In the mid-1990s, playwright and performer Eve Ensler wrote The Vagina Monologues. 1 Created from a series of interviews with women on the subject of their bodies and their experiences with violence, the Monologues achieved immediate success and won an Obie Award (1997) and a Guggenheim Fellowship Award (1999). The text’s agenda is premised on Ensler’s observation that “bad things are happening to women’s vaginas everywhere.” 2 As of today, the play has been translated into 48 languages, performed in thousands of venues, and become the basis of a global movement against gender violence. Born out of Ensler’s personal experience with battering and rape and her theatrical and grassroots feminist activism, 3 V-Day is a transformational project supported by drama. Every year, communities around the planet join the project, becoming, as actor Glenn Close has termed it, “part of her crusade.” 4 On the creative side, V-Day has spawned other full-length plays, such as Necessary Targets (2001), The Good Body (2004), or I Am an Emotional Creature (2010). It has also produced the documentary films V-Day: Until the Violence Stops (2003) and What I Want My Words to Do to You (2004), and a book of photographs entitled Vagina Warriors (2005). Adopting Erika Fischer-Lichte’s thesis about the transformative power of performance, 5 this chapter examines Ensler’s leadership and her gender-violence-centered dramatic production.
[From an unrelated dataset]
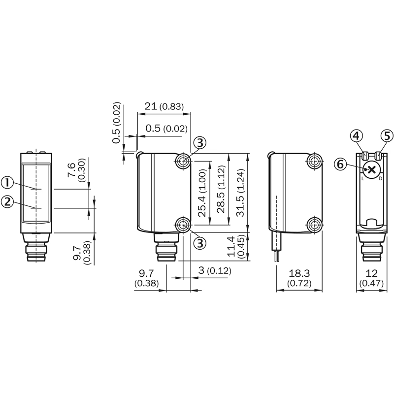 Capteur photoélectrique; Format: Parallélépipédique; Principe du capteur: Détecteur à réflexion directe; Principe de détection: Élimination d'arrière-plan; Distance de commutation max.: 5 mm ... 400 mm; Distance de commutation: 50 mm ... 220 mm; Réglage: Potentiomètre mécanique, 5 tours; Source d'émission: LED PinPoint, Lumière rouge visible; Taille du spot lumineux (distance): Ø 6 mm (100 mm); Sortie de commutation: PNP; Mode de commutation: Commutation claire/sombre; Temps de réponse: < 1,25 ms; Fréquence de commutation: 500 Hz; Raccordement: Câble avec connecteur mâle M8, 4 pôles, 239 mm, PVC; Tension d’alimentation: 10-30Vdc; Dimensions (l x H x P): 12 mm x 31,5 mm x 21 mm; Matériau du boîtier: Plastique, ABS/PC; Matériau de la vitre frontale: Plastique, PMMA; Indice de protection: IP67; Température de fonctionnement: –25 °C ... +55 °C; Série: G6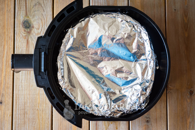 Форму с заготовкой пирога укроем листом фольги и поместим в чашу аэрогриля. Установим температуру в 180 градусов и время 25 минут, затем фольгу с формы снимем и продолжим выпекать заливной пирог с капустой в аэрогриле при температуре 180 градусов еще 20 минут.

By looking at both branches of V-Day—the political and the artistic—through the lenses of theories such as Michel Foucault’s and Hélène Cixous’s, it attempts to demonstrate that theater in the twenty-first century continues to be a weapon for consciousness-raising, denunciation of abuse, and transformation of mentalities and everyday practices, such that can bring real-life benefits to women around the world.